Saturday, January 1, 2011

This has been one busy week!

So for the last week or so, I have been especially busy reading.  I certainly spent more time doing that than cleaning my house!  Here are some of the YA books that I read:

The Replacement by Brenna Yovanoff

From School Library Journal

Gr 9 Up–In this grim debut novel, the Doyles hide the terrible secret that 16-year-old Mackie is a changeling who was swapped for their real son when he was a baby. In their town of Gentry, there is an unspoken acknowledgment that a child is stolen every seven years in an uneasy bargain for the town's prosperity. Mackie's struggles to go unnoticed are made more difficult by his severe allergies to iron and other metal, his inability to set foot on consecrated ground such as his minister father's church, and his tendency to become severely ill around blood. Now he is dying. When a classmate's baby sister is abducted and a Replacement left in her place, Mackie is reluctantly drawn into the age-old rift between the Morrigan and the Lady, sisters who lead the two changeling clans who live underneath Gentry. Mackie agrees to help the Morrigan maintain the unwitting townspeople's goodwill in exchange for a drug he needs to survive. Meanwhile, he and his friends plot to rescue Tate's stolen sister from the Lady. Yovanoff's innovative plot draws on the changeling legends from Western European folklore. She does an excellent job of creating and sustaining a mood of fear, hopelessness, and misery throughout the novel, something that is lightened only occasionally by Mackie's dry humor and the easy charm of his friend Roswell.

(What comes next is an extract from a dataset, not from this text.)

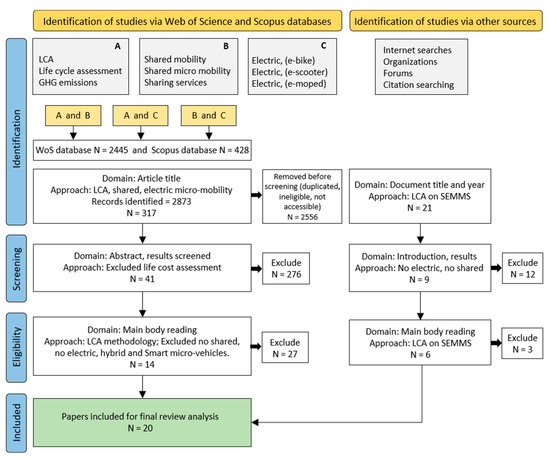 In the identification phase, keywords, databases, and search limitations were defined. The substrings used in the systematic search relevant to the scope of this study were identified and classified into three different categories: LCA (A group), sharing (B group), and electric modes (C group). The search focused on identifying studies that make all possible combinations of two words from these categories using the Boolean operators “AND” and “OR” to select only papers that contain at least one of the relevant keywords or terms. The Web of Science (WoS) and Scopus databases were used for the search, yielding more than two thousand records from the databases.
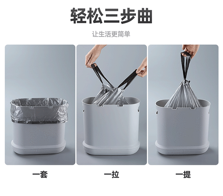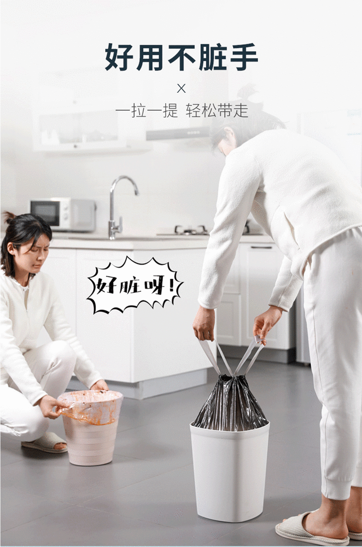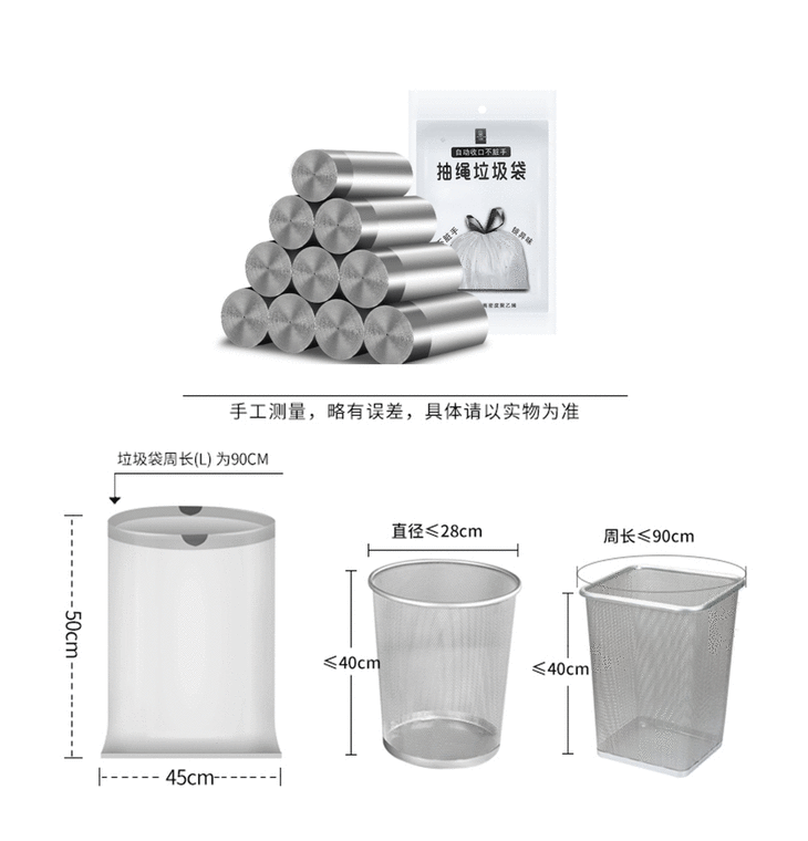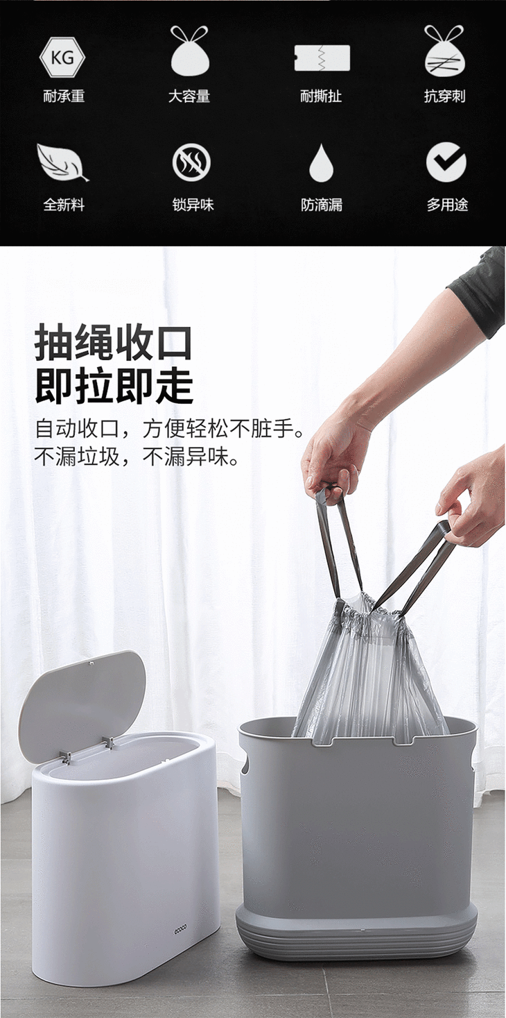 家用断点式自动收口垃圾袋,加厚塑料手提抽绳银钢袋一次性垃圾袋【188-2】

The novel ends with a glimmer of hope, though the grisly and disturbing images throughout may overshadow the more positive ending. Still, teens who enjoy horror and dark fantasy novels will no doubt flock to the shelves for Mackie's story.

Personally, I felt like this book was a little slow to start.  Maybe its because I wasn't familiar with "changelings", but some of the terms were beyond me.  However, I really loved the character development.  Before reading this novel, I was looking at reviews on Amazon and was concerned that I wouldn't like the characters.  But you know what?  I did.  I really did.  I felt like Mackie and Roswell were in a typical teenage relationship.  Teens do turn there relationship feelings on and off at a drop of the dime.  I loved the unconditional love that Mackie's sister provided too.  Thats what families are like.  I would definitely recommend this book to both boys and girls.  And compared to a lot of the YA out there, I felt like there was minimal obscene language and limited sex scenes.  Probably better geared to teens in 8th grade and up. 

I'll also include a book trailer from YouTube:

Next I really enjoyed:
Love is the Higher Law by David Levithan

First there is a Before, and then there is an After. . . .The lives of three teens—Claire, Jasper, and Peter—are altered forever on September 11, 2001. Claire, a high school junior, has to get to her younger brother in his classroom. Jasper, a college sophomore from Brooklyn, wakes to his parents’ frantic calls from Korea, wondering if he’s okay. Peter, a classmate of Claire’s, has to make his way back to school as everything happens around him.

Here are three teens whose intertwining lives are reshaped by this catastrophic event. As each gets to know the other, their moments become wound around each other’s in a way that leads to new understandings, new friendships, and new levels of awareness for the world around them and the people close by.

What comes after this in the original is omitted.